Son[i]a
Yásnaya Elena Aguilar Gil
In this podcast, Mixe linguist, writer and activist Yásnaya Elena Aguilar Gil unpacks the complexities of being Mixe in Mexico and talks about the cracks that appear in an imposed identity. She dismantles the category of “indigenous” as an external, political label, claiming the right to specificity in naming herself: the right to be Mixe. She also objects to the essentialism and folklorism that seek to reduce being and speech. She turns her attention to the power of small structures, to multilingualism, to a defense of the territory, and to maize as a social ecosystem.
Adam Broomberg
Born in apartheid-era Johannesburg to a Jewish family, descended from Holocaust survivors, Adam Broomberg's trajectory spans teenage anti-apartheid activism, years embedded in global conflict zones, and commercial collaborations that later became subjects of critique.

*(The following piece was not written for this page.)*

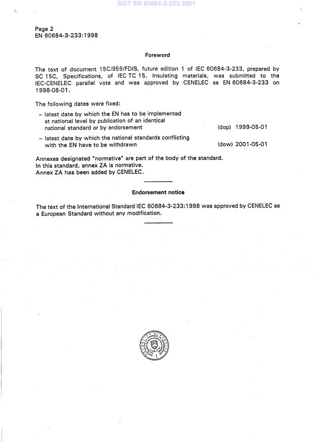 Ta slovenski standard je istoveten z: EN 60684-3-233:1998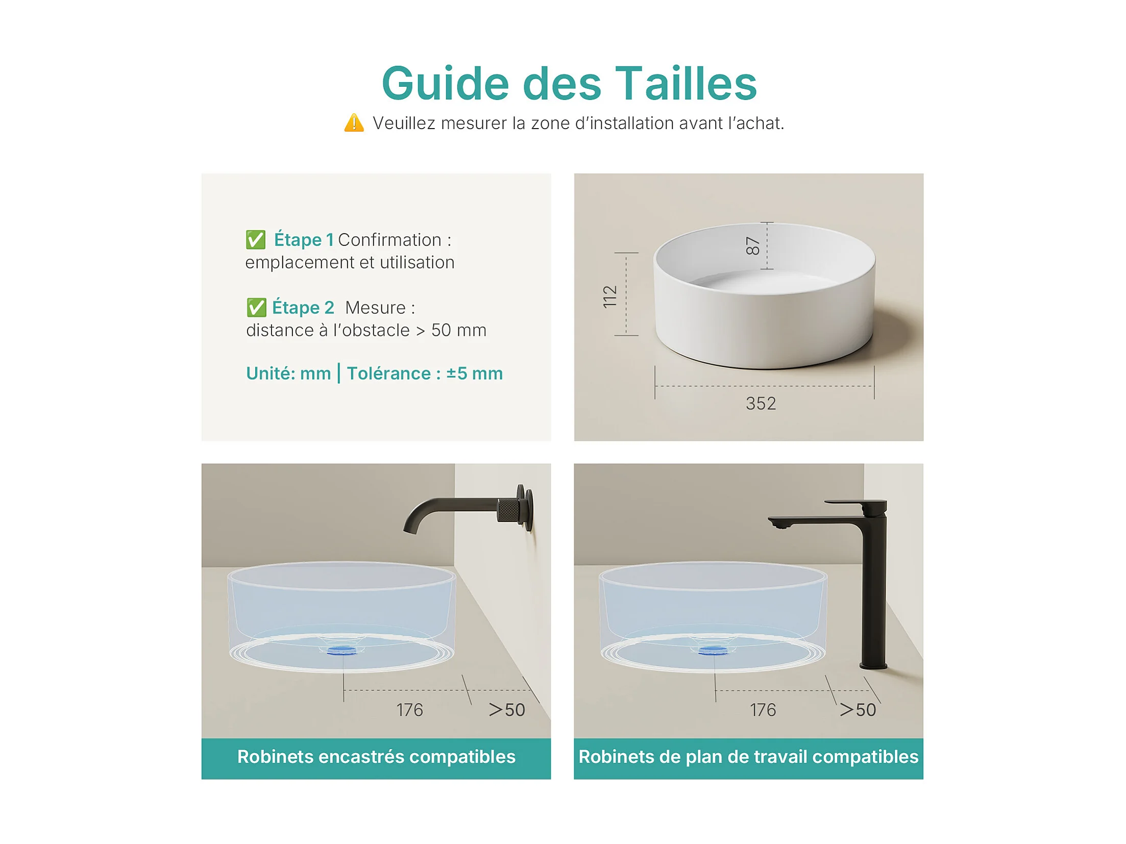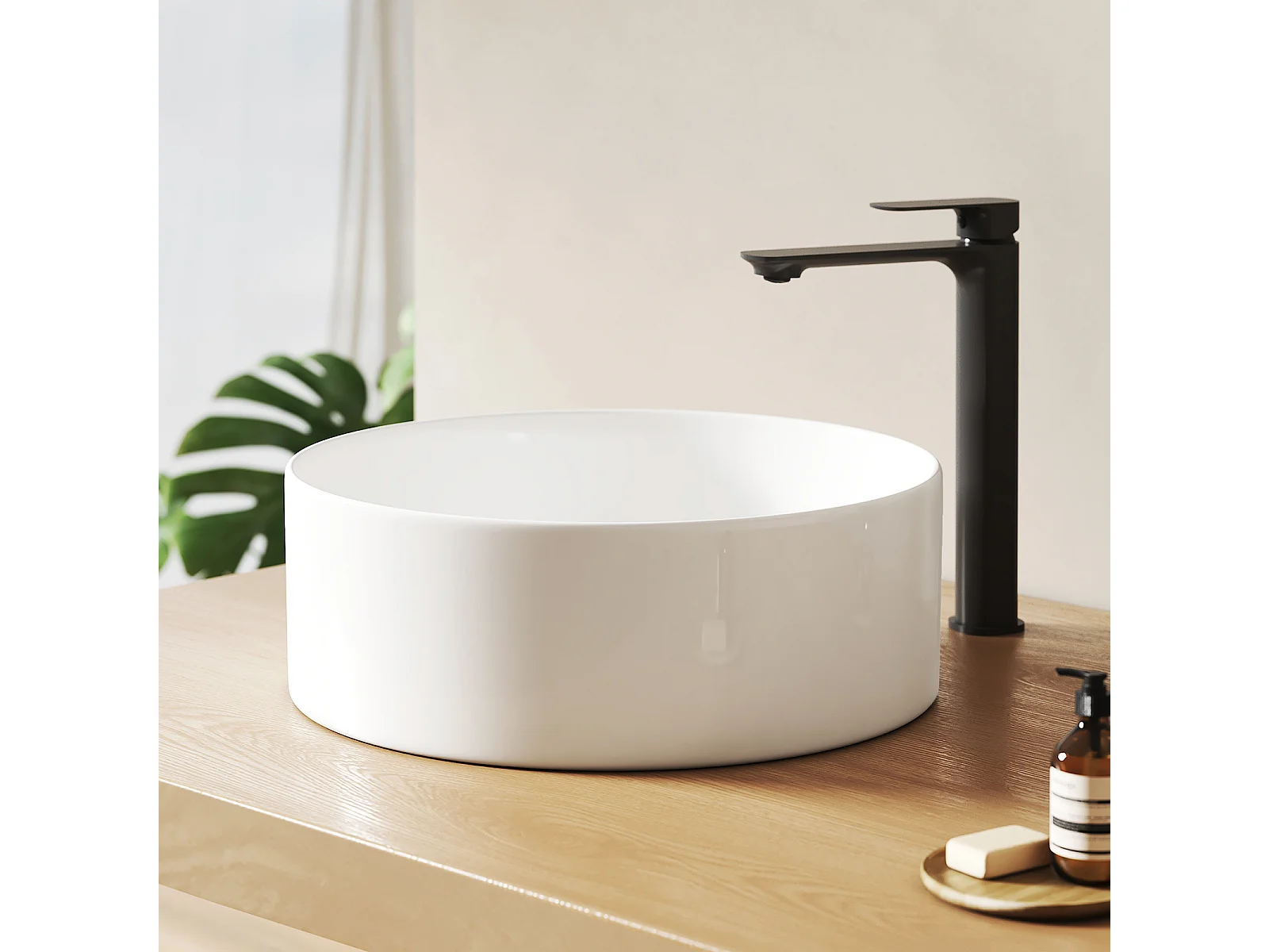 EMKE Ronde keramische wastafel voor op het aanrecht 352x352x112 mm, badkamerwastafel, wit

Across this arc, his work has evolved into a sustained inquiry into power: his own positionality, the complicities of photography, and its potential to be repurposed as a tool for change. In this conversation, the artist and educator traces his own path through images, complicities, and refusals. He reflects on the toxicity of photography, how he engaged with its reproduction and refusal – through projects with large-format cameras, archival excavations, and counter-surveillance.
Marilyn Boror Bor
In this conversation, we talk with Maya-Kaqchikel artist and activist Marilyn Boror Bor about languages, textiles, relationality, extractivism, and cement. She tells us about the slow violence of processes of assimilation, about the importance of the Mayan language and culture, and of how colonisation has demonised ancestral knowledge. She recounts what it means to live in a land perforated by a cement factory, where water scarcity becomes the norm and mountains are drilled until they lose their spirit. Hence the urgency of the connection to the land and indigenous struggles, which are not new, but have always existed: a millennial memory that still breathes.
Mikaelah Drullard
In this podcast, Mikaelah Drullard dismantles the clichés of Western progressivism and reminds us that the plantation has not gone away. With words that cut like machetes, she shows how human rights are still the key to a house that only white bodies can enter. Against the impunity of a livestreamed genocide, Mikaelah takes up a radical gesture of decolonisation: the rejection of humanity itself. She also criticises white feminism, whose promise of equality breaks down when skin is in the game, and she draws on insurgent genealogies that invent other ways of living.
Mobile Radio
Agitators by nature, Sarah Washington and Knut Aufermann's radio practice involves the activation of ephemeral radio stations that emerge from a mix of technical skills and knowledge, their desire to keep trying new things and testing the medium, and their capacity to bring out the best in the local communities that host them. In this podcast, they talk about their approach to radio through the various spaces they have activated over the years: from workshops to major projects such as the studio at the São Paolo Biennial, Radio Revolten: 30 Days of Radio Art in Halle, and the 100-day Radio Art Zone. They also talk about smaller projects, such as their improvisation duo, Tonic Train, which encapsulates their idea of artistic practice –and life– as something dirty and leaky, in the best sense of the words.